- _Exercise_: Your task is to transcribe all of the data below exactly, omitting the images.

%%

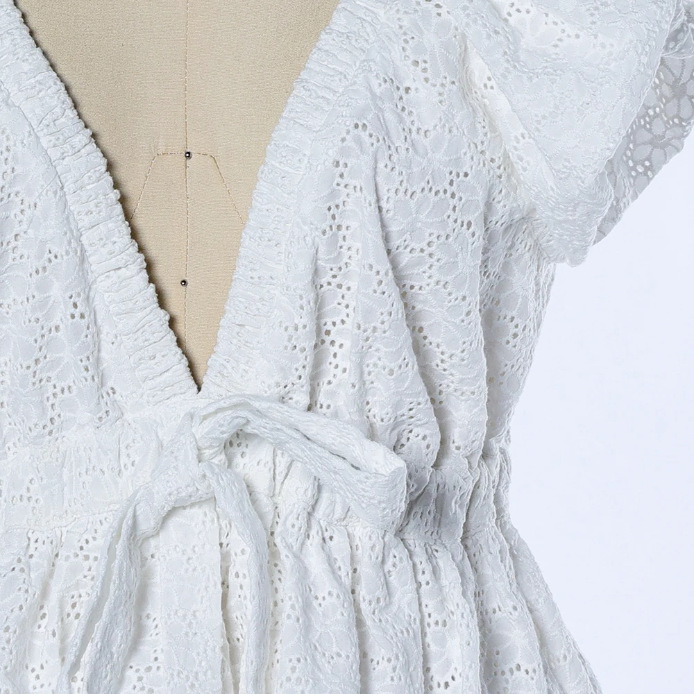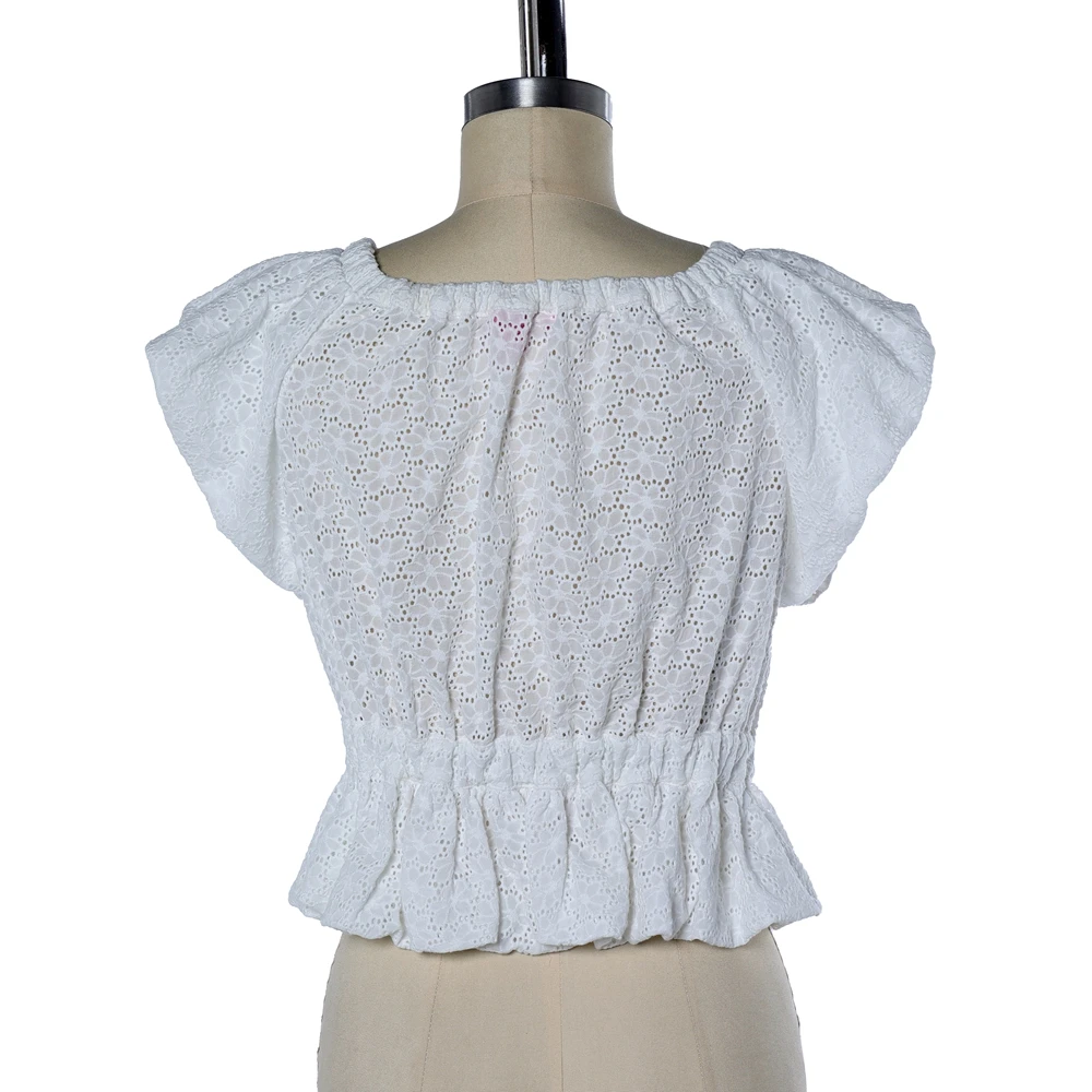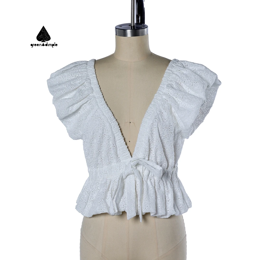 ZYHT 82024 White Blouse with Ruffled Cap Sleeves V-Neck Blouses Et Chemises Pour Femmes White Blouses for Women
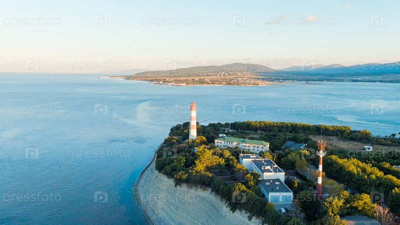 Геленджик, Россия. Маяк на берегу мыса Толстого. Геленджикская бухта, вид с воздуха
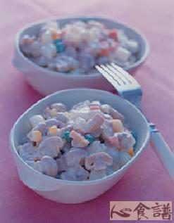 (4)将所有材料放在一起,加入美奶滋搅拌均匀即可食用。
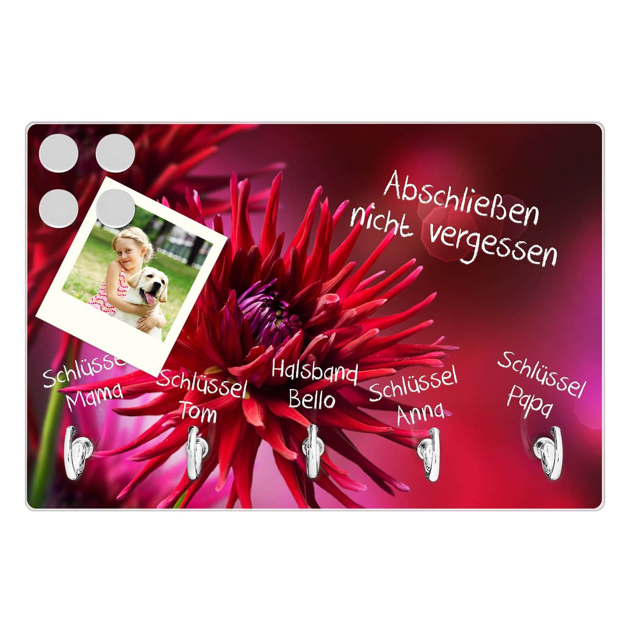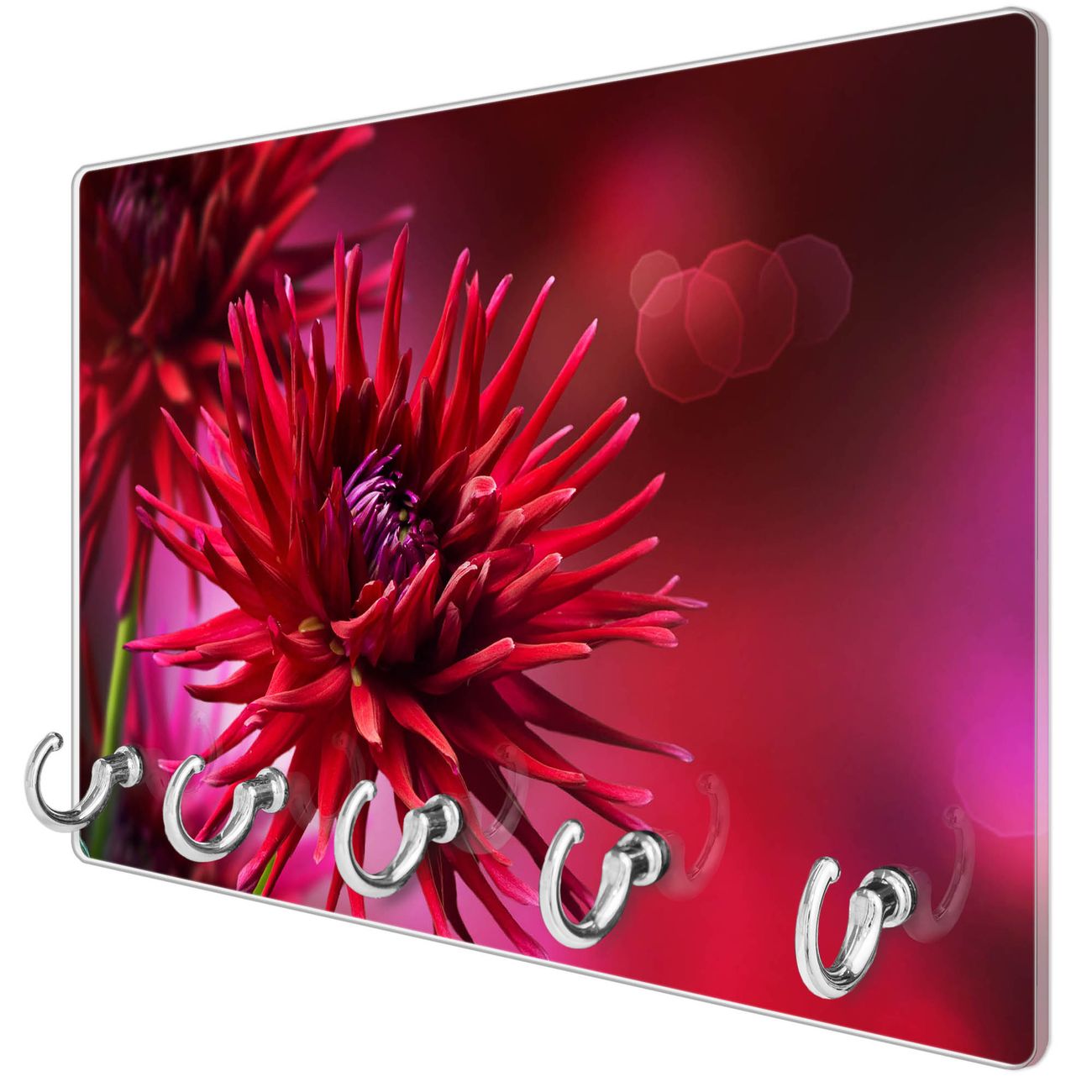 Glas Schlüsselbrett mit 5 Haken Rote Dahlien
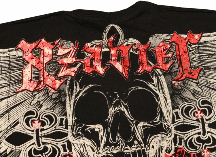 Xzavier “Eye of the Beholder” T-Shirt. Decorate your self with this war-torn Xzavier style. Xzavier Da Grind Clothing comes at you packin’ heat with hardcore designs inspired by the Gothic Renaissance, Middle Age Warfare and chivalry to every man. The Xzavier Motto: “Know thy enemy. Respect thy Enemy. DESTROY THY ENEMY.” Whether you are an MMA Master or a soldier in the war of life you will find Xzavier clothing embraces you to conquer “da grind” of society & assist you in your rebellion of the mundane.

%%

- _Finished task_:
 ZYHT 82024 White Blouse with Ruffled Cap Sleeves V-Neck Blouses Et Chemises Pour Femmes White Blouses for Women
 Геленджик, Россия. Маяк на берегу мыса Толстого. Геленджикская бухта, вид с воздуха
 (4)将所有材料放在一起,加入美奶滋搅拌均匀即可食用。
 Glas Schlüsselbrett mit 5 Haken Rote Dahlien
 Xzavier “Eye of the Beholder” T-Shirt. Decorate your self with this war-torn Xzavier style. Xzavier Da Grind Clothing comes at you packin’ heat with hardcore designs inspired by the Gothic Renaissance, Middle Age Warfare and chivalry to every man. The Xzavier Motto: “Know thy enemy. Respect thy Enemy. DESTROY THY ENEMY.” Whether you are an MMA Master or a soldier in the war of life you will find Xzavier clothing embraces you to conquer “da grind” of society & assist you in your rebellion of the mundane.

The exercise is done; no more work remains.